Local substitute teachers get pay raise

Photo courtesy ClipArt

Substitute teachers of the Leon County School District can expect to be paid $14 per hour. This marks the second time in three years that LCSD has increased substitute teacher wages.

Prior to the initial raise, substitute wages remained dormant at $10 per hour for over a decade.

Teachers played a crucial role in starting the discussion to increase the overall budget in order to raise substitutes pay within the county.  However, the school board did not have to approve the new wage.

“This grew out of a conversation with our teachers,” said School District Communication Coordinator Chris Petley.  “They reported to us that there were not enough substitutes for them to take their leave for sick days because their classes would not be covered.” 

When asked about the overall budget, Petley ensured that the proper funds have been set aside to not only maintain current public-school departments, but to raise substitutes’ pay.

“We don’t anticipate having to cut funding in other departments,” said Petley.  “We should have this in the budget for this year and next.”

An estimate of $250,000 is what is needed to fulfill the pay raise. 

Compared to counties at the opposite end of the state like Miami-Dade, Leon County substitutes will now earn as much as a substitute teacher with a bachelor’s degree; rounding out to $84 a day.  

Myqueal Lewis, a social work scholar with a focus in adolescence development emphasized the number of substitutes in the classroom that don’t have a degree.

“When you look at the statistics, usually these are individuals who don’t have a degree in education or have a whole heart desire to teach or educate the youth,” said Lewis.  “So, you ask yourself: Do they really deserve the increased pay?”

Lewis also made note that these are everyday people trying to make a living just like every other working class American.

As the salary increases, so do the expectations.  LCSD is in search of high-quality substitutes that can fulfill the duties needed in a teacher’s absence and still provide a decent quality of learning for students.  
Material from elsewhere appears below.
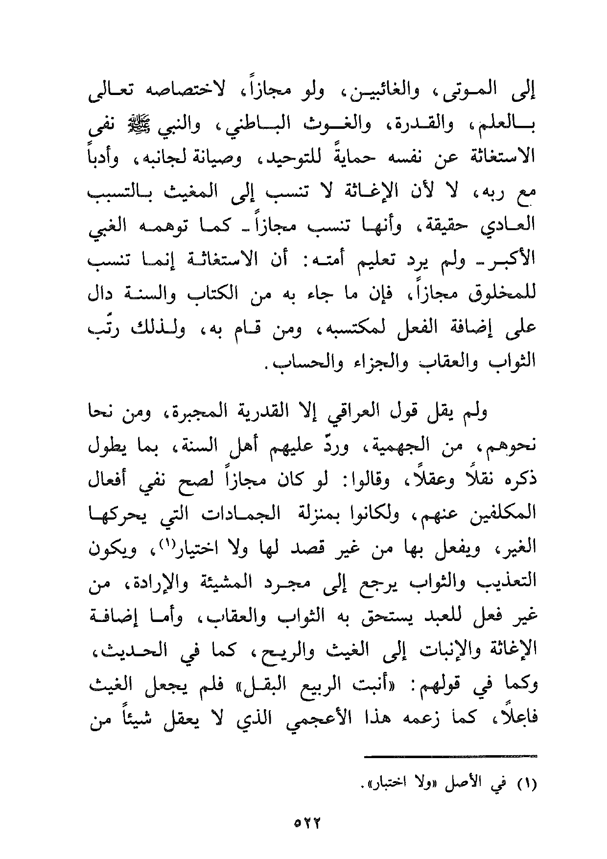 ولم يقول قول العراقي إلا القدرية المجبرة، ومن نحا نحوهم، من الجهمية ورد عليهم أهل السنة، بما يطول ذكره نقلاً وعقلاً، وقالوا: لو كان مجازاً لصح نفي أفعال المكلفين عنهم، ولكانوا بمنزلة الجمادات التي يحركها الغير، ويفعل بها من غير قصد لها ولا اختيار1، ويكون التعذيب والثواب يرجع إلى مجرد المشيئة والإرادة، من غير فعل للعبد يستحق به الثواب والعقاب، وأما إضافة الإغاثة والإنبات إلى الغيث والريح، كما في الحديث، وكما في قولهم: "أنبت الربيع البقل" فلم يجعل الغيث فاعلاً، كما زعمه هذا الأعجمي الذي لا يعقل شيئاً من

High school teacher John Campbell prays for only the best substitutes that cover his classroom with a love of students and education, not just money.  Even more so, Campbell pursues young and upcoming educators in college. He feels as if his students are left in good hands and is giving practice to the next generation of educators.

“If you can find college students who are majoring in education: one, its money for them and two, it’s experience,” said Campbell.  “When you can find those college students who are doing it because of those reasons, you basically found yourself a powerhouse substitute.”

The number of substitute teachers available in Leon County has dropped tremendously.  From a call pool that was once filled with over 1,000 substitutes, now sits at 555. With a new wage available, school board members and teachers continue to keep their fingers crossed for a quick turnaround.